A lot of “Trader Joe” type people would say, there should be some external validation of news before it is published. Of course, that idea feeds the purposes of authoritarian rules, like Vladimir Putin or Xi Jinping, or perhaps Donald Trump. But we could see that kind of environment someday if we don’t watch out.
The Cato Institute has shared with me two links about the RAISE Act today. And (another) conservative periodical, National Review, wrote about the irony of wanting to reduce “legal” immigration.
As Cato explains, the RAISE Act is a bill introduced by Senators Tom Cotton (R-AR) and David Perdue (R-GA) that would reduce legal immigration by 50 percent. Its authors maintain that it would return immigration to “historical norms” but, Cato maintains, in a post by Dave Bier with some charts and tables, this is inaccurate. Cato maintains that the immigration rate—which controls for the size of the U.S. population—was already 28 percent below the historical average. The RAISE Act would reduce the immigration rate to one-third of the historic average over time and about one-eleventh of the historic highs.

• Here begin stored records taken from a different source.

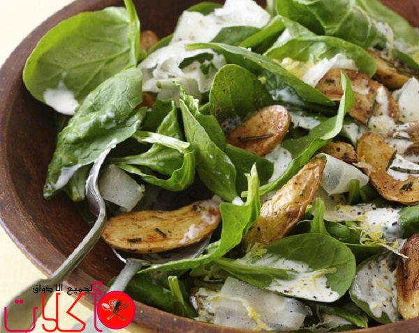 سلطة السبانخ بالليمون ، سلطة خضار صيفية، رائعة غنية بالكثير من المكونات الغذائية الصحية من البطاطا إلى السبانخ، الثوم، إكليل الجبل، المايونيز، زيت الزيتون وقشر وعصير الليمون.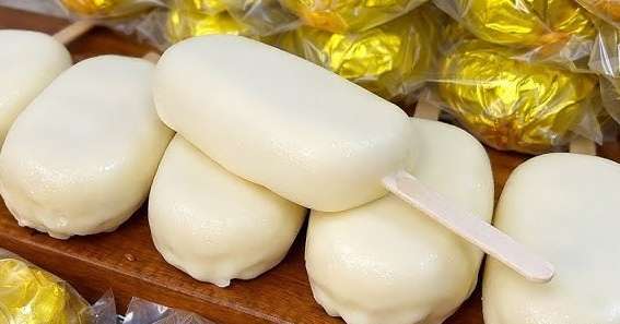 O toque final é dado com um banho de cobertura de chocolate branco. Derretido previamente no micro-ondas e combinado com óleo de coco, o chocolate forma uma casca crocante ao redor do picolé assim que é mergulhado e retirado rapidamente. O resultado é uma sobremesa refrescante e esteticamente atraente, perfeita para qualquer ocasião.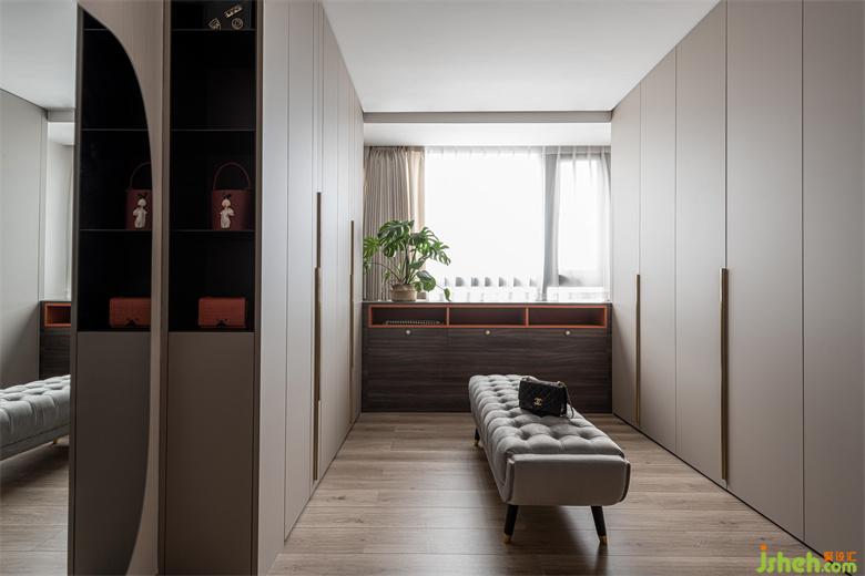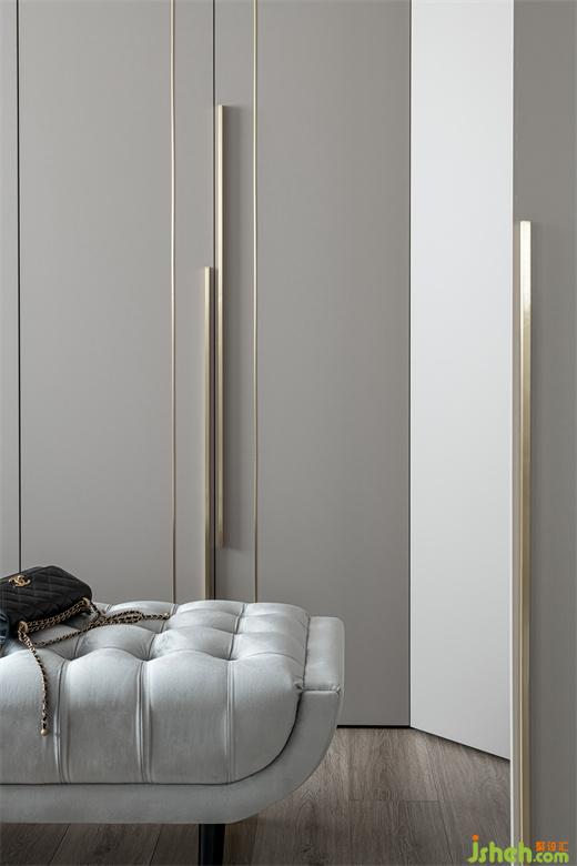 衣帽间遵循着极简设计原则,家装设计将收纳利用到极致,整洁有序,金色的把手点缀既呼应了空间的轻奢调性,又极具美观性。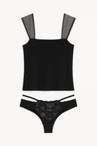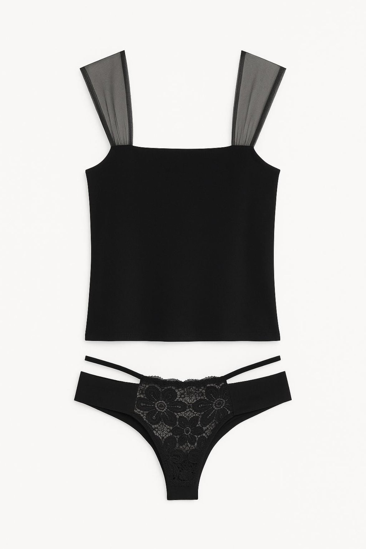 La canotta in morbido bielastico si adatta perfettamente alle forme, mentre le spalline in tulle aggiungono un tocco raffinato e intrigante.

Alex Nowrasteh has a postin which he explains (with a large volume of charts and tables) why the senators’ various other arguments are dubious. The Senators (as does President Trump) claim it would create a “skills-based immigration system,” but the bill doesn’t actually increase employment-based immigration at all. The United States already ranks low among developed nations in terms of total per-capita immigration and skills-based immigration. Alex’s article walks Congress and other readers the through numerical research and studies on the economics of immigration restriction and shows that decreasing the flow of immigrants does not actually increase wages for native-born workers.
Nowrasteh has also posted a higher-level discussion of how to meet alt-right anti-immigration arguments here.
Dave Bier has a column in the New York Times (Aug. 4) “Ignorant Immigration Reform” here.
My basic reaction is this: My first impression is that skills-based immigration is separate from the asylum and refugee issue. The whole idea of private sponsorship and the potential legal responsibilities of sponsors needs systematic attention. I think the I864 is just a little piece of this when a family member wants a visa.
Tech companies (including Facebook with explicit statements by Mark Zuckerberg) have, in the past, encouraged the increase in visas for those with very specific job skills. Throughout my own IT career, I often worked with immigrants from India and Pakistan especially and never thought anything of it.
I have an earlier post today on a legacy blog, on the “cosmopolitan bias” argument at the White House press conference, here. It seems especially noteworthy to me that Trump’s “point-based” competitive system for a strictly limited number of green cards would probably exclude older workers with skills.
Other commentators have noticed that economic growth in the US cannot take place without maintaining the current level of immigration of people ready to work. Immigration also helps maintain the birth rate and population replacement at a stable level, since well-off people born here tend to have fewer children.
It really does seem that Trump’s idea of economic growth slides toward autarky. The debate will continue.